After locating the line that contains "企业点击学生应聘信息;在学生" in the material below, copy that line and each one following it, exactly, up to the last line. Pictures stay out.
***
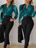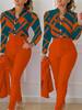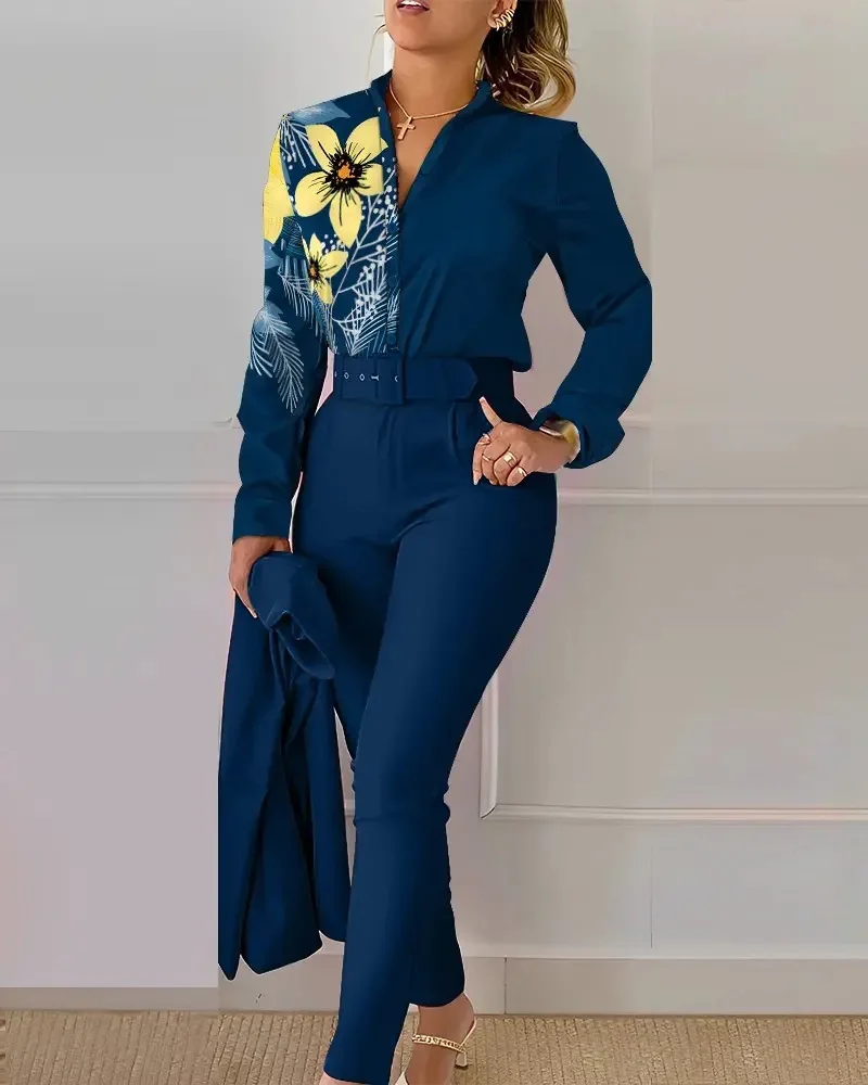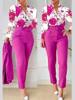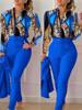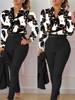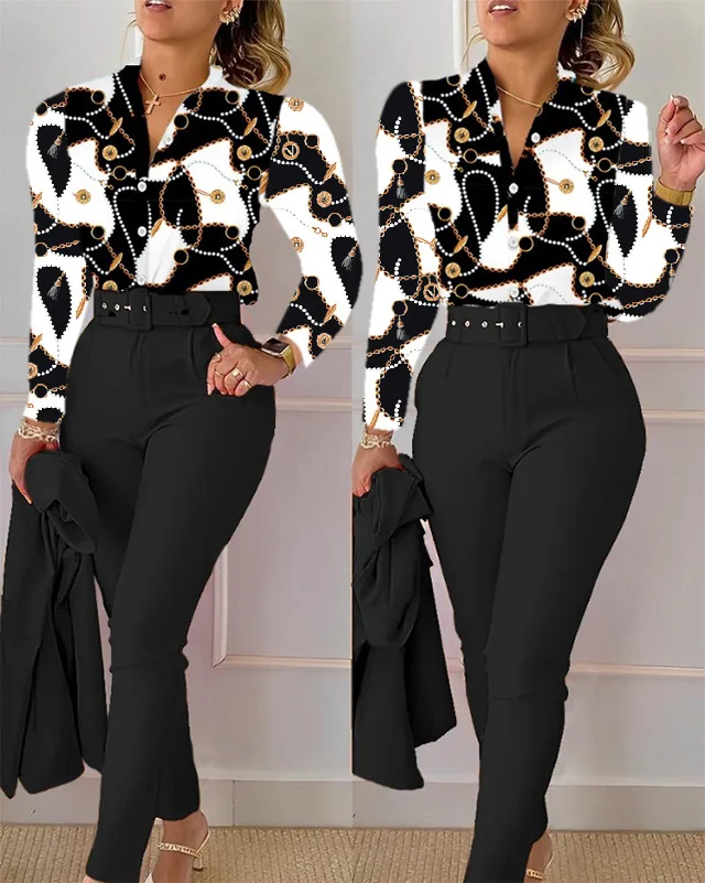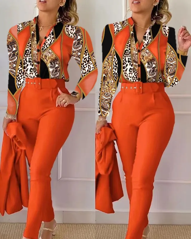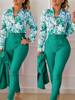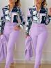 Women’s Shirt 2 Pieces Suit Set 2024 Fall Print V Neck Long Sleeve Top Casual High Waist Pockets Work Female Clothes Pants Set
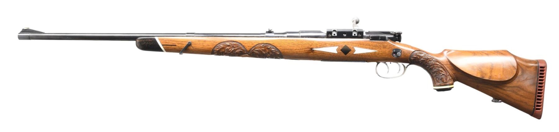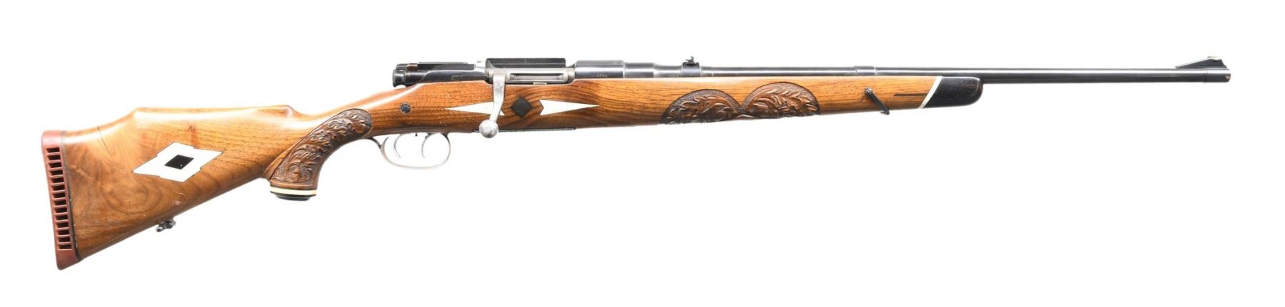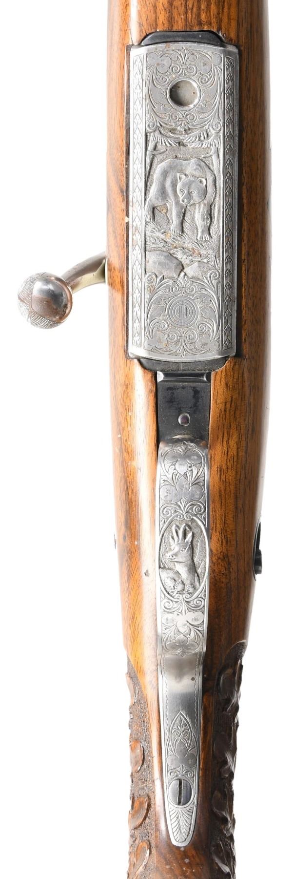 Cal. 270 Win. S# 3249. Bbl. 24". Ramp mounted German silver blade front sight w/ island mounted express rear sight having 1 standing & 1 folding leaf. Left side of action has a QD scope base. Action features double set triggers, round knob bolt handle w/ wing type bolt safety & Greener style side safety. Floorplate has deep relief engraved Grizzly, trigger guard bow has deep relief engraved antelope. Figures are surrounded by full coverage vine type foliate scroll engraving w/ punch dot backgrounds & wide borders. Complimentary engraving continues to the bolt handle & knob. Monte Carlo cheekpiece walnut sporter stock w/ sling swivels. Wrist & forearm have deep relief oakleaf carving. Bottom of forearm, area behind bolt & sides of stock along the action have white & black geometric inlays. Rosewood forearm tip & hard rubber gripped cap w/ white spacers. Bottom of forearm has an oval inlay w/ initials "REC". LOP: 13 5/8" over an aftermarket Hawkins pad. MAGS: 1 detachable 4 rd rotary. WEIGHT: 7 lbs, 14.2 oz. CONDITION: over 90% bbl. & action blue. Floorplate & trigger guard have lightly worn "in-the-white" finish. Stock shows light wear w/ scattered scratches & marks having an open grain check at top of butt behind the Monte Carlo comb. Very good bore. (24-4162/DS). CURIO. $700-1,100.
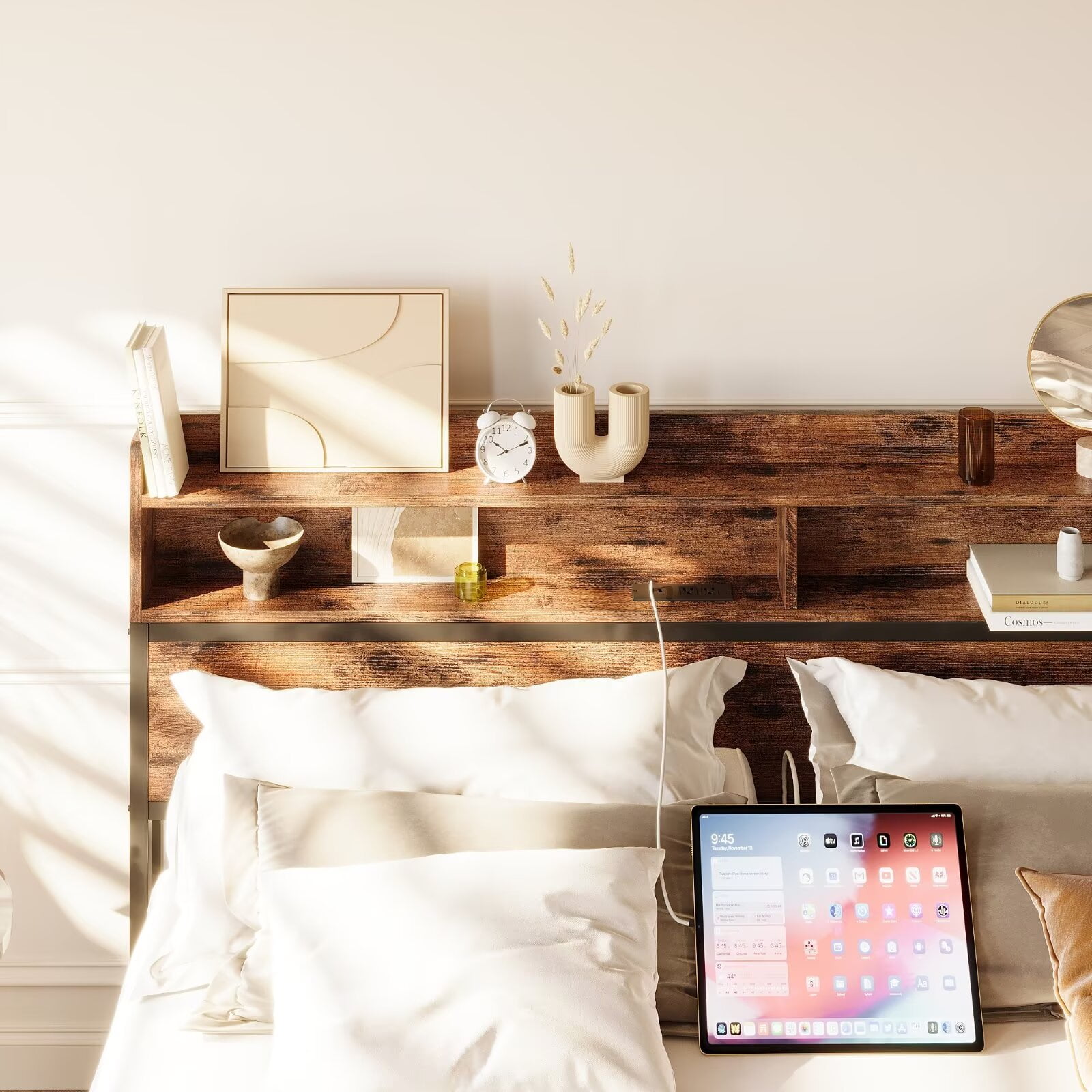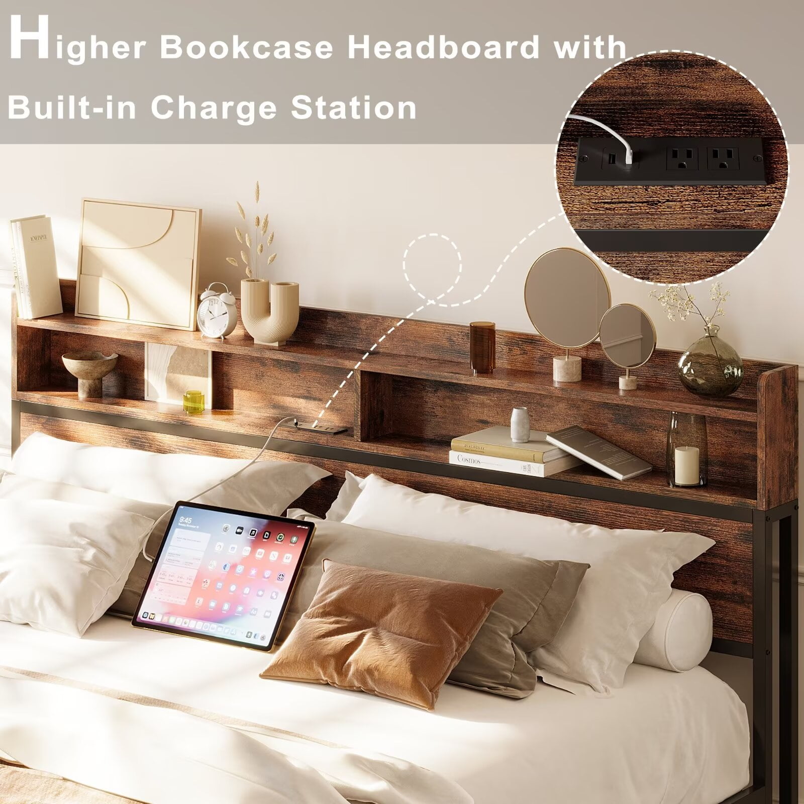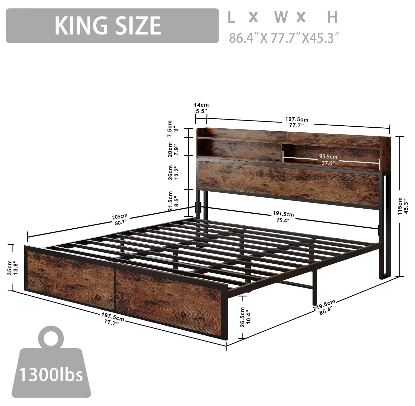 Dear customers, welcome to IRONCK. ★IRONCK furniture aims to create a simple life and a comfortable home for you. ★IRONCK King Size Bed Frame with Headboard,No Box Spring Needed | Charging Station | Bookcase | Vintage Brown ◆Elevate your sleep experience with the IRONCK King Bed Frame. Featuring a robust metal construction, this platform bed frame offers a reinforced support system with longer slats and extra crossbars, ensuring a stable and noise-free design that can support up to 1300 lbs. The built-in bookcase headboard provides convenient storage and charging capabilities, with 2 AC outlets and 2 USB ports to keep your devices powered. The frame is made from an all-metal support frame to give you stable support, which means no spring box needed. Silent cotton construction ensures no rattling during the sleeping. Enjoy ample under-bed space for storage, and pair this bedframe with a mattress between 8.5 to 12 inches thick for a comfortable and customized sleep setup.Crafted with attention to detail, this bed frame king size combines style, functionality, and durability to transform your bedroom. ◆Welcome to choose our king size metal bed frame. We have professional after-sales service to create the ultimate shopping experience for you. ◆Search Term:king bed frame/king size bed frame/bed frame king/king bed frames with headboard/king size bed frame with headboard/platform bed frame king/king platform bed frame/king bed frame with storage/king size platform bed frame/king bed frames/king size bed frame with storage/king platform bed frame with headboard/king size bed frames/king metal bed frame/king bed frame no box spring needed/king size metal bed frame/bed frame king size with headboard/bed frame king size/king bed frame metal/bed frames king/king size platform bed frame with headboard/king frame/king bed frame with headboard/metal king bed frame/king size bed frame metal/king size frame/king bed frames with headboard and storage/black king bed frame/king bed frame and headboard/platform/king bed frame/bed frame king metal/king size bed frame and headboard/king platform bed frame with storage/bed frames for king size/king metal bed frame with headboard/king bedframe/bed frames king size bed/bed frame with headboard king/king bed frame black.
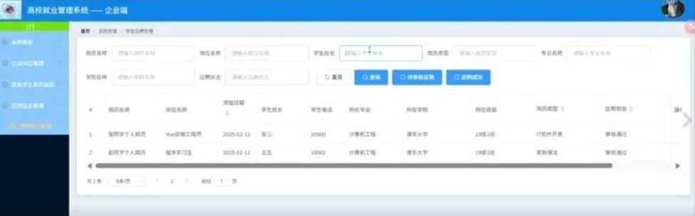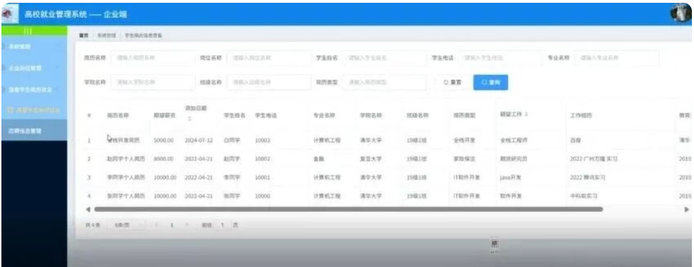 企业点击学生应聘信息;在学生应聘信息页面对简历名称、岗位名称、添加日期、学生姓名、学生电话、所在专业、所在学院、所在班级、简历类型、应聘状态等信息进行查看;
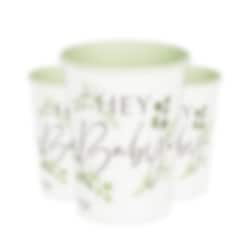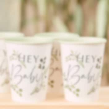 8 kpl valkoisen ja vihreän värisiä paperimukeja lehtikuvioilla ja tekstillä ''Hey Baby''. Hanki nämä täydentämään vauvajuhlien tai kastajaisten kattausta. Mukit ovat noin 10 cm korkeita ja niihin mahtuu noin 250 ml.
***
Written response:
 企业点击学生应聘信息;在学生应聘信息页面对简历名称、岗位名称、添加日期、学生姓名、学生电话、所在专业、所在学院、所在班级、简历类型、应聘状态等信息进行查看;
 8 kpl valkoisen ja vihreän värisiä paperimukeja lehtikuvioilla ja tekstillä ''Hey Baby''. Hanki nämä täydentämään vauvajuhlien tai kastajaisten kattausta. Mukit ovat noin 10 cm korkeita ja niihin mahtuu noin 250 ml.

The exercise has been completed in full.